KABAR DUKA: Kafe Pustaka (Kapus) di kampus Universitas Negeri Malang ditutup. David Ardyanta, pengelola kafe tersebut berpamitan kepada teman-temannya di facebook dengan ungkapan: “kita buka dengan suka cita, kami pamit dengan bangga”.
Habent Sua Fata libelli
(buku punya nasib sendiri)
RAINER MARIA RILKE (1875-1926) memberi tanggapan tentang Kafe Slavia di Praha, “Kafe Slavia, tempat berkumpulnya para penyair dan pelukis, bintang film dan mahasiswa. Sehabis nonton teater, tampak muka-muka murung, dan bila mereka saling menyapa, tersenyum dengan kejengkelan. Mereka berpakaian sangat mencolok atau seadanya, tak banyak menghiraukan. Pada penampilan pertama, sulit diketahui kumpulan apa itu? Pertama minum-minum teh, atau bir Budweiser sebagai tanda pembuka, bahwa kesamaan dalam pikiran telah dicampakkan, makin banyak peminat dan makin maju pembicaraannya, makin lama makin seru, bahwa kemauan puncak bukanlah sebagai kegentingan belaka dan bahwa mereka tidak duduk berdampingan sebagai khayalan.”

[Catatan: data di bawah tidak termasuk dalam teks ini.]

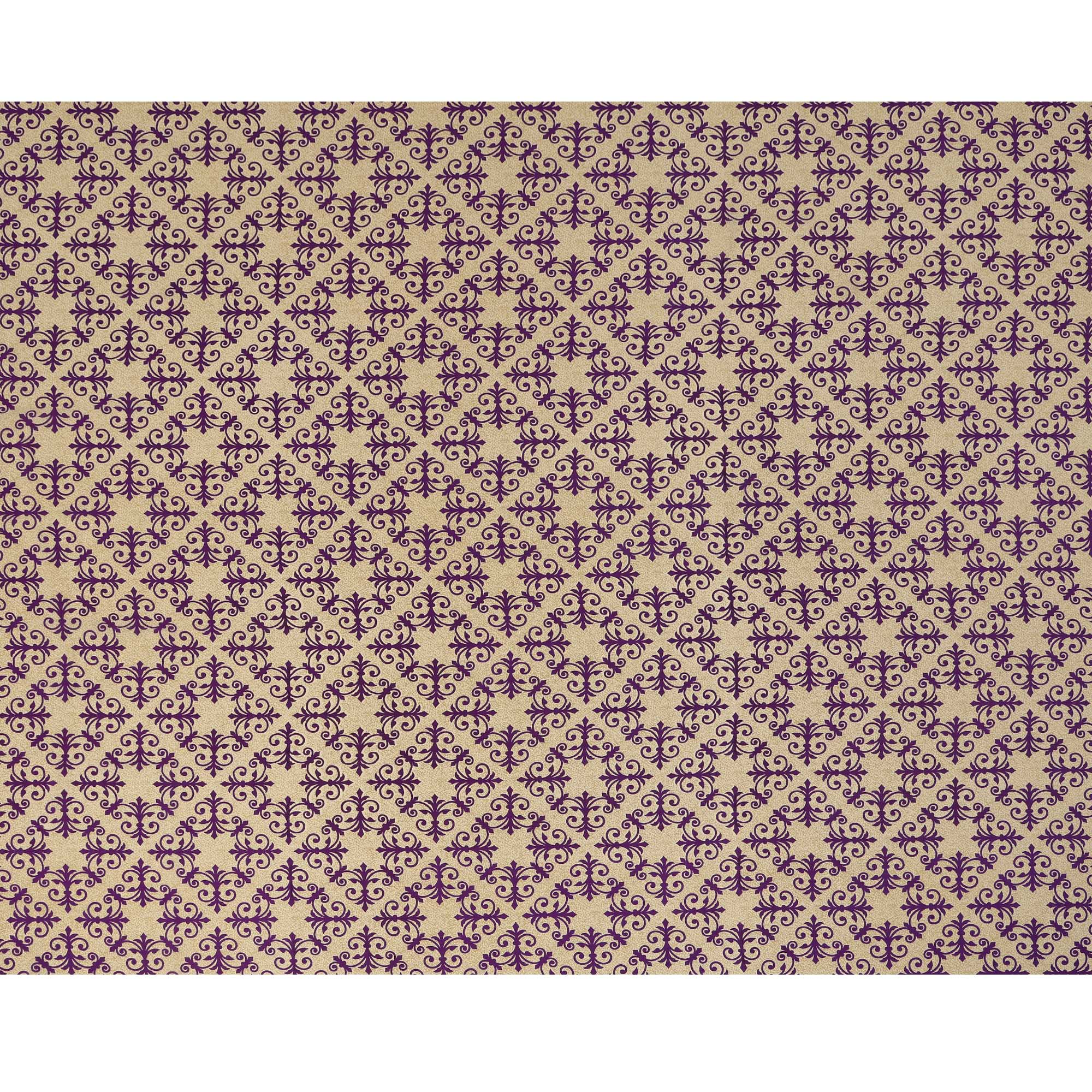 Beige base with intricate purple baroque tile print adds vintage charm.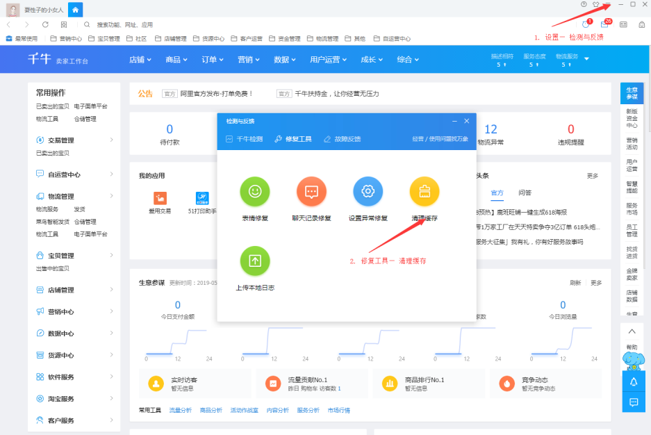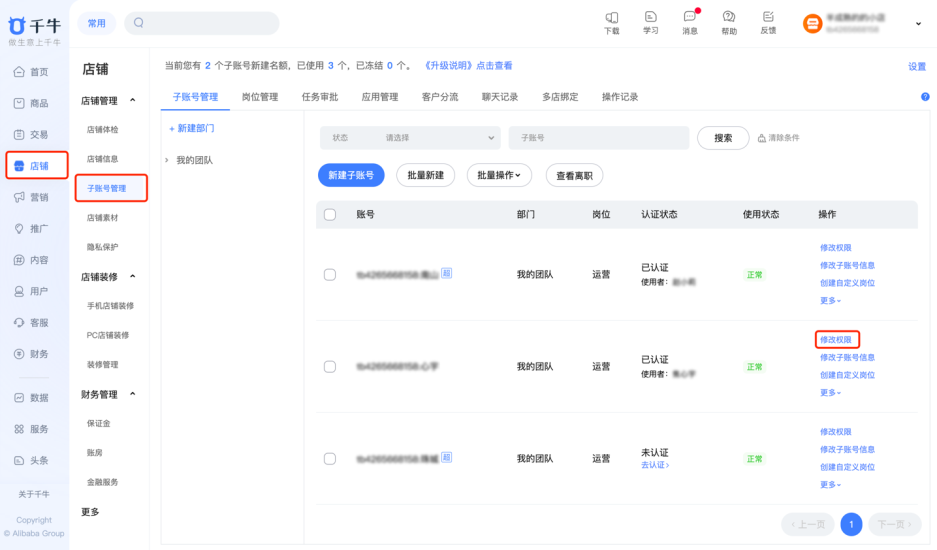 1️⃣ Step 1:用主账号登录千牛,点击 店铺管理 ➡️ 子账号管理 ➡️ 修改权限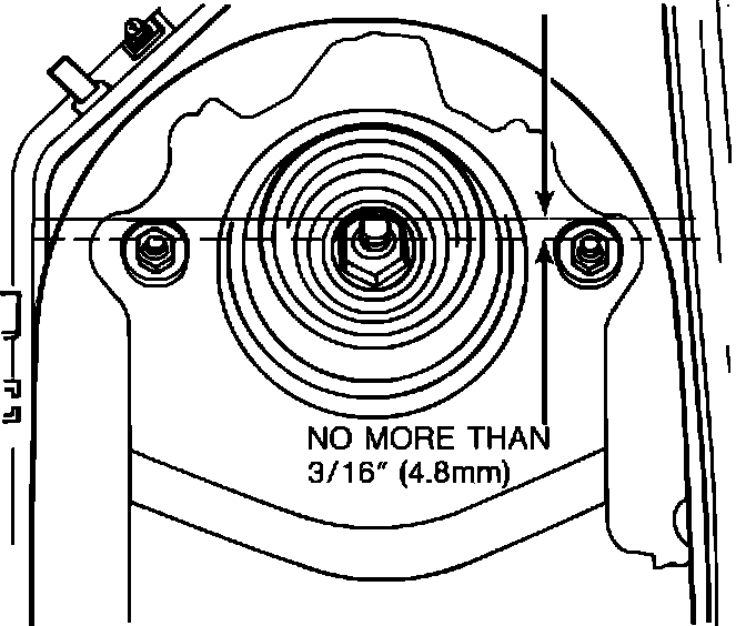 1. With the weight of the vehicle off of the front wheels and wheel assemblies hanging free, measure the amount of lateral movement at the top of the rebound retainer by pushing on the strut assembly from under the fender. This measurement should not exceed 3/16" (4.8 mm) (Figure 2).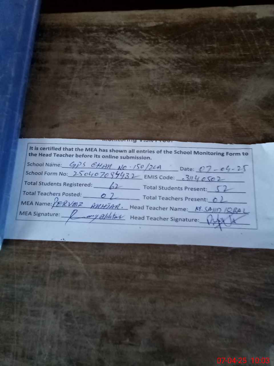 | Attendance Register | Head Teacher | MEA with School | Visit Proof |
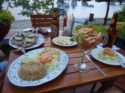We’ve got lucky with the accommodation. The family – Antonio, Denise and their 5 children – are the happiest, most beautiful, funny, kind people. Denise offers to buy fish from the local fisherman for us, cooking and serving it with delicious platanos – made from plantains (look like big bananas), they’re squashed flat, fried and served as an accompaniment to dishes like bread is in Western countries. Suddenly our dreaded ham and cheese salads have turned into the most delicious banquet!

Milena Jesenska (1896-1944), bekas pacar Kafka yang namanya diabadikan menjadi Kafe Milena di Praha, memberi pendapat tentang sebuah kafe, “Di kafe itu, karya sastra dibuat, dikoreksi, dibicarakan atau berlagak bermain sandiwara keluarga, menangisi sebuah kehidupan, menyindir kehidupan. Di kafe itu, orang-orang makan dengan mengutang, hidup dan bermalas-malasan untuk mengusir waktu.”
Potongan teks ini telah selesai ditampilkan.